Reproducibility¶
If you’ve used GerryChain to do some analysis or research, you may want to ensure that your analysis is completely repeatable by anyone else on their own computer. This guide will walk you through the steps required to make that possible.
Use the same versions of all of your dependencies¶
You will want to make sure that anyone who tries to repeat your analysis by running your code will have the exact same versions of all of the software and packages that you use, including the same version of Python.
The easiest way to do this is to use conda to manage all of your dependencies.

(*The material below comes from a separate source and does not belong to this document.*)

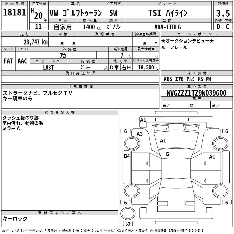 VOLKSWAGEN GOLF TOURAN - лот 18181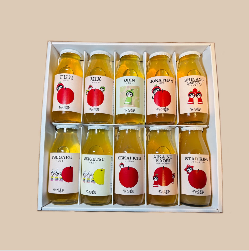 セット内容は、ふじ/品種ミックス/王林/紅玉/シナノスイート/つがる/名月/世界一/あいかの香り/スターキングになります。

You can use conda to export an environment.yml
file that anyone can use to replicate your
environment by running the command conda env create -f environment.yml
. For instructions on
how to do this, see Sharing your environment and Creating an environment from an environment.yml file
in the conda documentation.
If you’ve published your code on GitHub, it is a good idea to include your environment.yml
file in the root folder of your code repository.
Import random
from gerrychain.random
¶
The submodule gerrychain.random
is the single place where GerryChain imports the built-in Python
module random
and sets a random seed. This makes sure that all randomness is used after the seed
is set. If you use the random
module anywhere in your own code (say, in your own proposal function),
replace the line import random
with from gerrychain.random import random
. This will ensure
that your code uses the same random seed as GerryChain.
GerryChain sets a random seed of 2018
after it imports random
. If you wish to use a different
random seed, set it immediately after importing random
from gerrychain.random
, and before you
import anything else. That will look like this:
from gerrychain.random import random
random.seed(12345678)
from gerrychain import MarkovChain, Partition
# and so on...
Set PYTHONHASHSEED=0
¶
In addition to the randomness provided by the random
module, Python uses a random
seed for its hashing algorithm, which affects how objects are stored in sets and dictionaries.
This must happen the same way every time in order for GerryChain runs to be repeatable.
The way to accomplish this is to set the environment variable PYTHONHASHSEED
to 0
.
If you are using conda for managing packages, dependencies, and environments, you can save environment variables in your conda environment.
Otherwise, in macOS or Linux environments you can accomplish this by running the command export PYTHONHASHSEED=0
in the Terminal or bash shell before running your code.
In a Windows 10 environment using PowerShell, you can accomplish this by running $env:PYTHONHASHSEED=0
before running your code.